-- INSTRUCTIONS TO FOLLOW --
Print the line that contains "To assemble, place", then every line after it until the entries end, exactly as they read; do not include pictures.

(Beginning of THE INPUT)

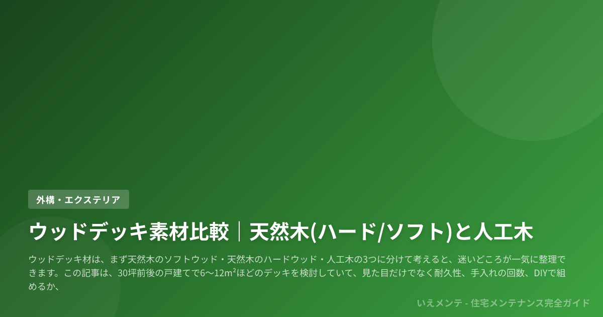 この記事は、30坪前後の戸建てで6〜12m²ほどのデッキを検討していて、見た目だけでなく耐久性、手入れの回数、DIYで組めるか、税込の初期費用と長く使ったときの負担まで一度に見比べたい人に向けて書いています。
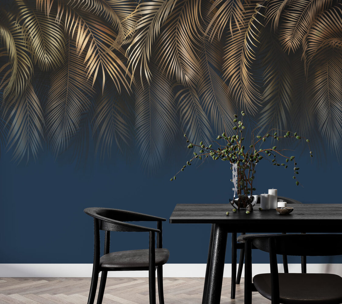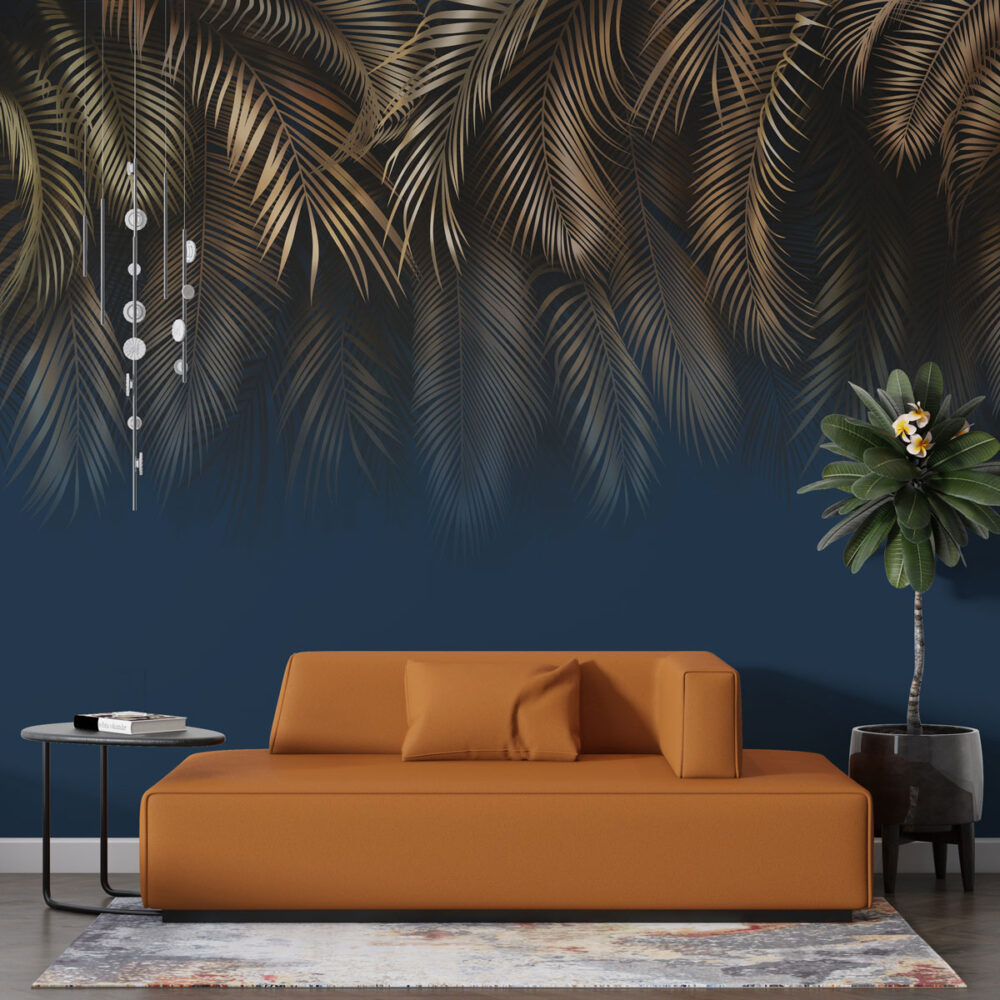 Altın Rengi Tropikal Yapraklar Duvar Kağıdı üretimi, uygulanmasını isteyeceğiniz boyut ve konumuna uygun olarak talepleriniz doğrultusunda size özel imal edilir.
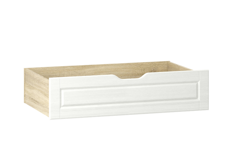 Бельевой ящик Оливия НМ 040.39-02 Х станет функциональным дополнением к кровати НМ 040.34-02 Х из одноименной коллекции. У модуля предусмотрена интегрированная ручка вместо накладной, что делает его эксплуатацию безопасной. На дно модуля устанавливаются колесики, которые предотвращают повреждения напольного покрытия при выдвижении ящика.
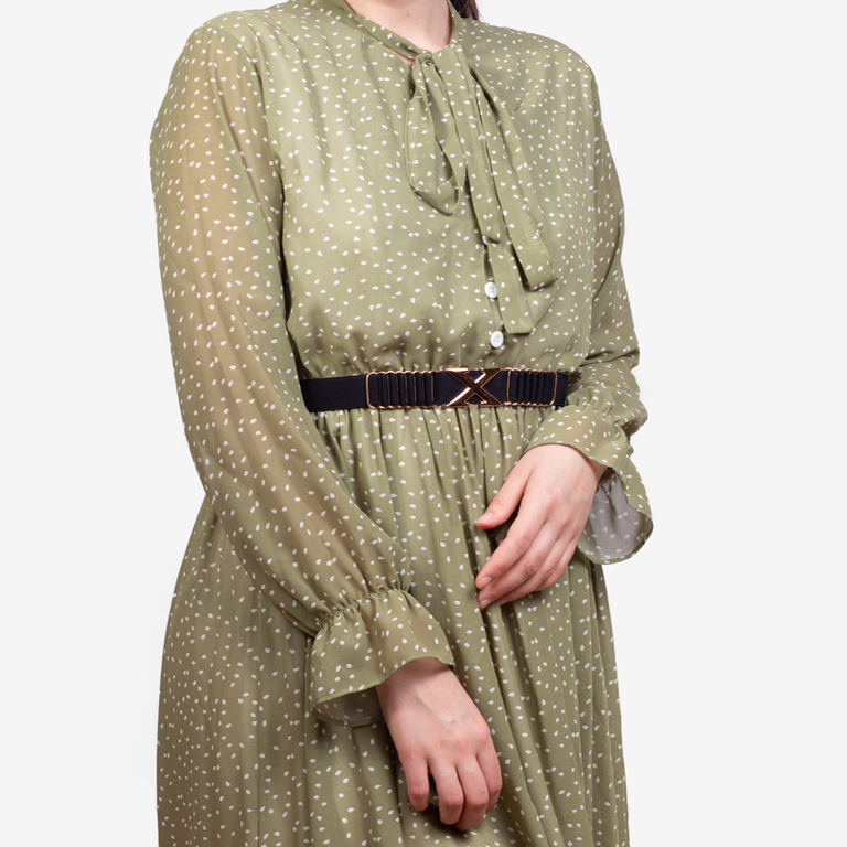 • Unikalus moteriškas diržas su metaliniu ornamentu, užsegamas nugaroje kabliuku. Modelis pagamintas iš elastingos gumos ir metalo derinio. Puikiai pabrėžia bet kokį kasdienį stilių!
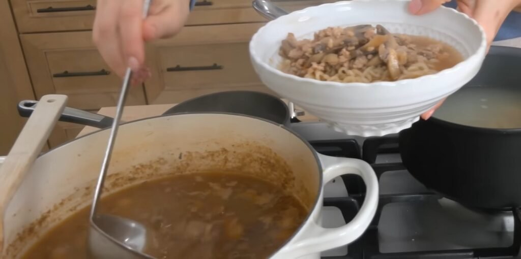 To assemble, place a portion of cooked ramen noodles in the bottom of each serving bowl, twirling them slightly with tongs so they sit in a neat mound. Ladle the hot miso‑mushroom‑pork broth generously over the noodles, making sure to scoop up some of the meat and mushrooms with each ladle so every bowl feels substantial.
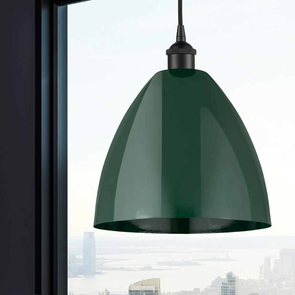Plymouth - 1 Light - 12 inch - Matte Black - Green Shade - Cord hung - Mini Pendant
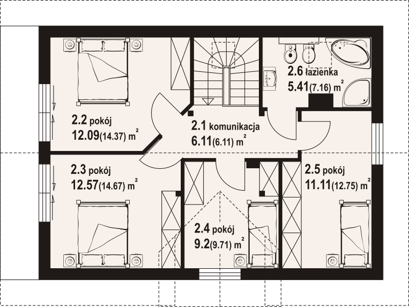 Powierzchnia całkowita poddasza:64,77 m²
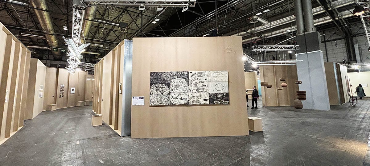 Every year, there is a special program. Every year this is more or less the same: About the South American art market. It is called Wametisé: Ideas for an Amazofuturism, an attempt to redefine art through hybridized perspectives of nature, humanity, and the metaphysical. The aim is to challenge artistic norms with 15 galleries from six countries and explore new forms of creation that reflect hybrid existences between human, plant, physical, and metaphysical bodies. The exhibition space is built with untreated chipboard panels designed for reuse, reducing environmental impact:

(End of THE INPUT)

-- WRITTEN RESPONSE --
 To assemble, place a portion of cooked ramen noodles in the bottom of each serving bowl, twirling them slightly with tongs so they sit in a neat mound. Ladle the hot miso‑mushroom‑pork broth generously over the noodles, making sure to scoop up some of the meat and mushrooms with each ladle so every bowl feels substantial.
Plymouth - 1 Light - 12 inch - Matte Black - Green Shade - Cord hung - Mini Pendant
 Powierzchnia całkowita poddasza:64,77 m²
 Every year, there is a special program. Every year this is more or less the same: About the South American art market. It is called Wametisé: Ideas for an Amazofuturism, an attempt to redefine art through hybridized perspectives of nature, humanity, and the metaphysical. The aim is to challenge artistic norms with 15 galleries from six countries and explore new forms of creation that reflect hybrid existences between human, plant, physical, and metaphysical bodies. The exhibition space is built with untreated chipboard panels designed for reuse, reducing environmental impact:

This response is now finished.